[THE TASK]
Starting with the line that holds "まずはウィルソンの『泡仕立て" and stopping after the line that holds "ピクニックバスケット 竹籠 花かご", repeat the lines below word for word, without the pictures.

[MATERIALS PROVIDED]
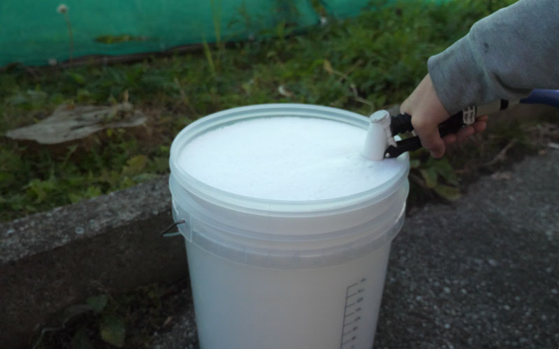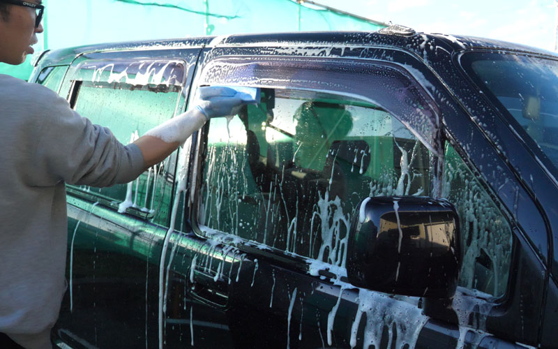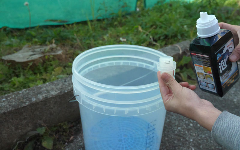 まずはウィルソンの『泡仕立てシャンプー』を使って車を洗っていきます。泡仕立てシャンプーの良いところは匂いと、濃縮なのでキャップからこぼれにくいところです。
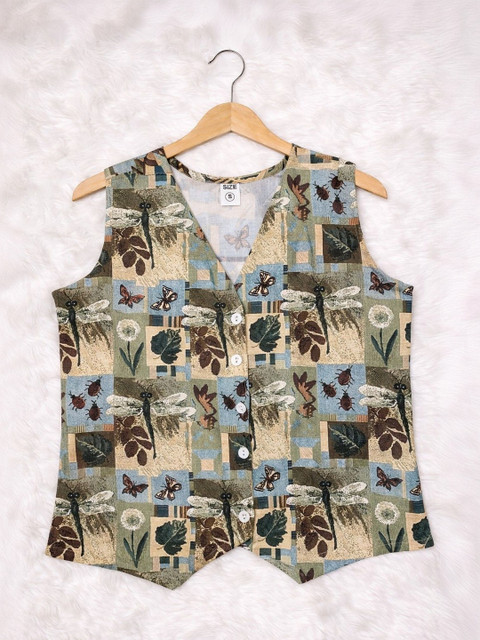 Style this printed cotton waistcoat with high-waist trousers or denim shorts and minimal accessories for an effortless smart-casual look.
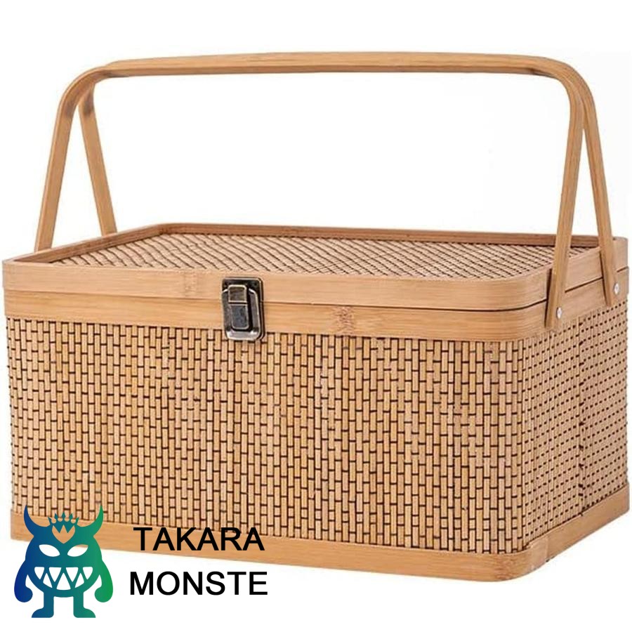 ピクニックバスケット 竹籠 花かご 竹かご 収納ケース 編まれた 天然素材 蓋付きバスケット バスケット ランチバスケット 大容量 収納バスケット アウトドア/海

...

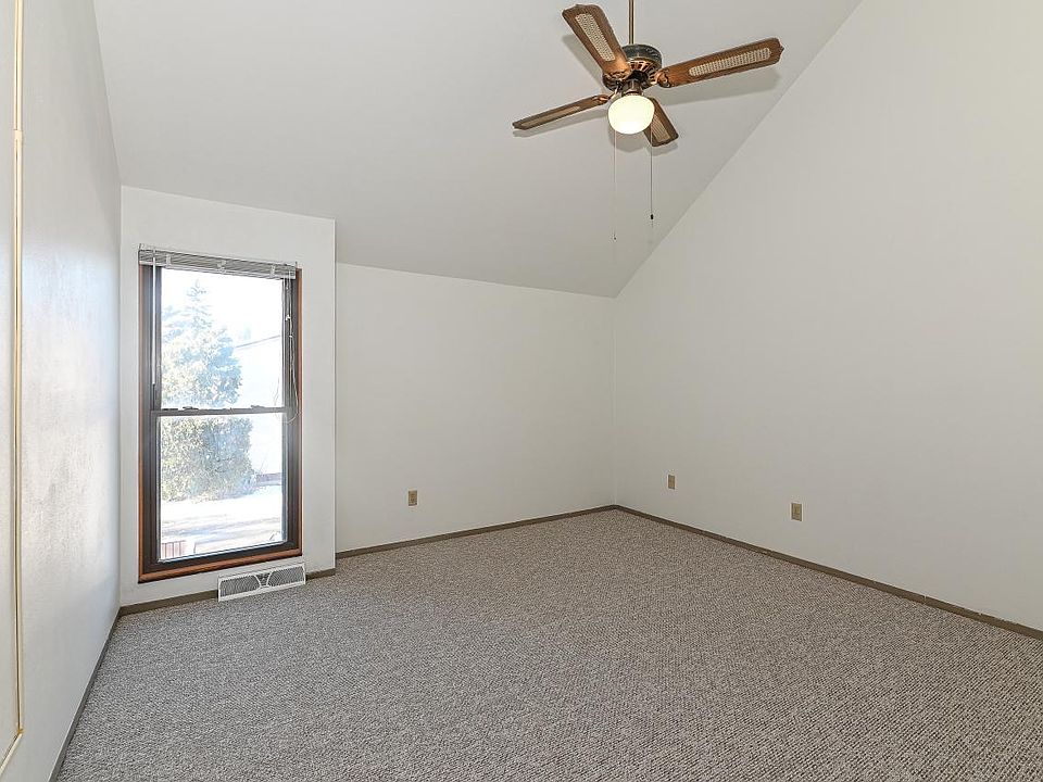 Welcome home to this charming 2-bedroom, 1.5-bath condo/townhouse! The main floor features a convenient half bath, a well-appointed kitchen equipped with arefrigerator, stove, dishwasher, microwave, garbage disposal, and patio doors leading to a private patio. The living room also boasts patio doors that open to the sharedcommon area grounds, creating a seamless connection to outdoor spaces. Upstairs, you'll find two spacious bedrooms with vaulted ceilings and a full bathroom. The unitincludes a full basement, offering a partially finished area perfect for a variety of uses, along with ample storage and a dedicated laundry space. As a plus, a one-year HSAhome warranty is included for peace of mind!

[TASK RESULT]
 まずはウィルソンの『泡仕立てシャンプー』を使って車を洗っていきます。泡仕立てシャンプーの良いところは匂いと、濃縮なのでキャップからこぼれにくいところです。
 Style this printed cotton waistcoat with high-waist trousers or denim shorts and minimal accessories for an effortless smart-casual look.
 ピクニックバスケット 竹籠 花かご 竹かご 収納ケース 編まれた 天然素材 蓋付きバスケット バスケット ランチバスケット 大容量 収納バスケット アウトドア/海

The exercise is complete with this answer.